On House Shows

The lights go down. An artist you’ve wanted to see since you first heard their Soundcloud channel 4 years ago steps onto the stage. As they step up to the microphone, you realize the three women behind you are still loudly talking about some date that one of them went on two nights ago and the spilled martini that ruined her entire week. The relentless clang of the cash register at the back bar is keeping rhythm for their continuing cacophony.

As you start to manage to tune these things out, you realize you’ve already missed part of your favorite song, you’re out of whiskey, and the people behind you are shoving to get closer to a musician they aren’t even listening to.

Sound familiar?

It was becoming all too familiar to me. But what was the solution? As someone who went to hundreds of shows a year, I realized even the best venues had bad nights, with bad crowds.

Then, in 2012, I saw a wonderful band from the Pacific Northwest, The Local Strangers, perform a show in (band member) Matt Hart’s mother’s home in Evanston, for 30 or 40 people who were beyond overjoyed to be there, part of something special.

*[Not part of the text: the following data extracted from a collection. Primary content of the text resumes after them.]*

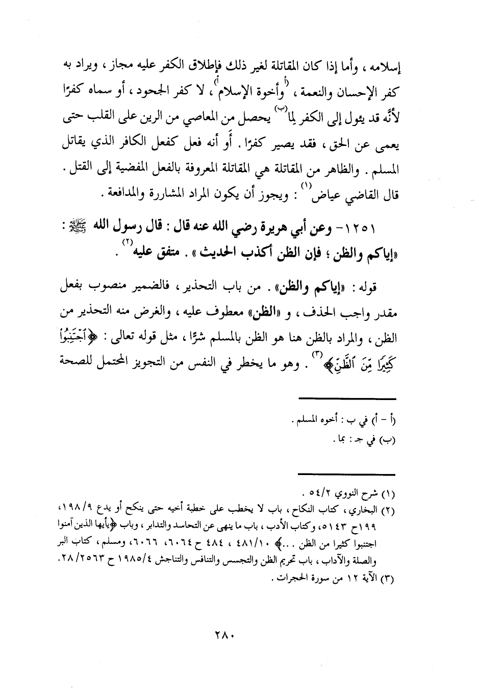 (¬2) البخاري، كتاب النكاح، باب لا يخطب على خطبة أخيه حتى ينكح أو يدع 9/ 198، 199 ح 5143، وكتاب الأدب، باب ما ينهى عن التحاسد والتدابر، وباب {يَا أَيُّهَا الَّذِينَ آمَنُوا اجْتَنِبُوا كَثِيرًا مِنَ الظَّنِّ. . .} 10/ 481، 484 ح 6064، 6066، ومسلم، كتاب البر والصلة والآداب، باب تحريم الظن والتجسس والتنافس والتناجش 4/ 1985 ح 2563/ 28.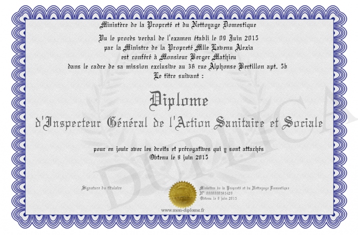 Envoyez par email votre Diplôme d'Inspecteur Général de l'Action Sanitaire et Sociale personalisé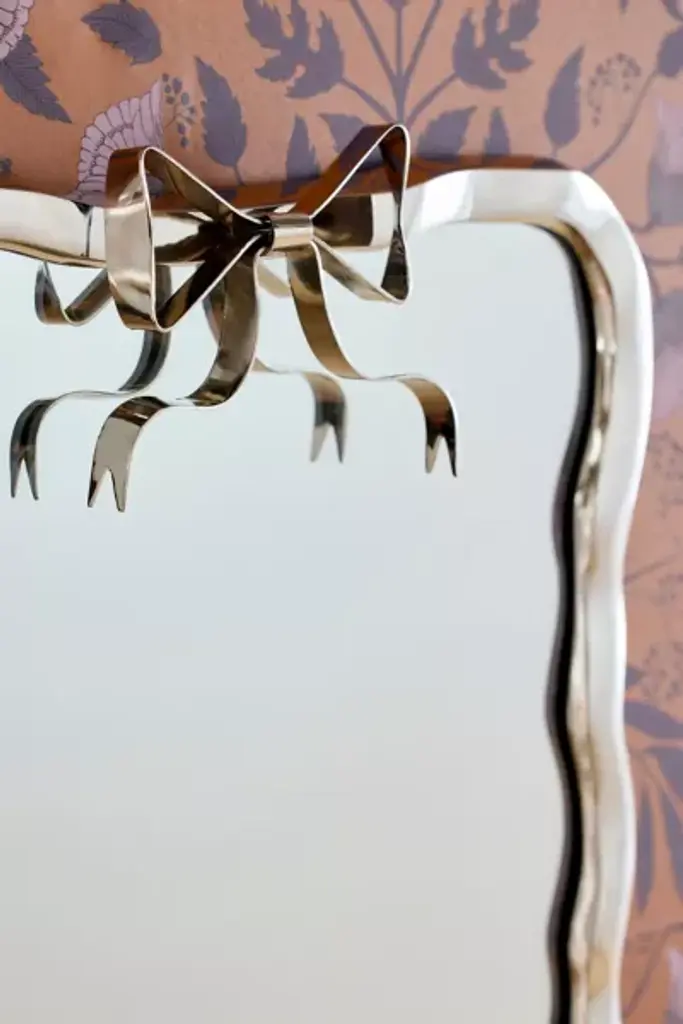 A wall mirror for the femme space, the Eloise Mirror features a wavy frame with a flowing ribbon sculpted at the top. Available exclusively at Urban Outfitters. **Features** \- Eloise Wall Mirror from UO Home \- Aluminum construction with chic metallic finishes \- Bow accenting the top for a femme finish \- Versatile - hang it on your wall or prop it up on your console tables \- UO exclusive **Content + Care** \- Aluminum, MDF, glass \- Wipe clean \- Imported **Size** \- Dimensions: 9.8"l x 2"w x 11.8"h \- Weight: 0.7 lbs

That’s really when I decided to start Music Means Family.

I wanted to have the opportunity to welcome artists whose music I loved deeply to play for people who would appreciate it as much as I did, in a space where not only was that easy to do, it was encouraged. I wanted the opportunity to connect friends and family, old and new not only to wonderful music and musicians, but to each other.

So, what exactly is a house show?

It’s a concert, first and foremost. It’s in a house (or office, or art gallery, or super cool loft, etc.). It’s somewhere different, somewhere unique.

It’s small. Intimate. It’s a chance for musicians to share a space with the people who love (or will come to love) their music. There are no barriers, stages. Just friends, and music, and family.

It’s secret. No one is wandering in off the street. No one is coming to hang out at the bar while you try and listen to the music you came to hear. People RSVP online, get the address, bring a 6-pack, or a bottle, or a flask of their favorite thing to drink, and they chat with other people who are there to do the exact same thing.

Then the musician, or musicians, come out and play a bunch of songs. Maybe songs they don’t usually play live because they don’t work in a crowded club. Maybe a cover you’ve never heard them play. Maybe they play all the songs you’ve been dying to hear. In any case, they’re there with you.

Anything else I should know?

Yes, actually! Thanks for asking.

There’s another reason we love house shows. In 2015, a lot of people consume music by streaming it – on Spotify, Pandora, or Rdio. This doesn’t make artists a whole lot of money. It’s incredibly important to me that artists have a chance to make a real living playing music. That’s why at every Music Means Family show, 100% of the cost of the ticket goes to the artist. To paraphrase the fine folks at closeup.fm – we want to build a bigger musician middle class.


So, come to a show. Bring a friend. See what we’re all about. It would mean the world to me, and hopefully you’ll see what all the fuss is about. We love making new friends. See you soon!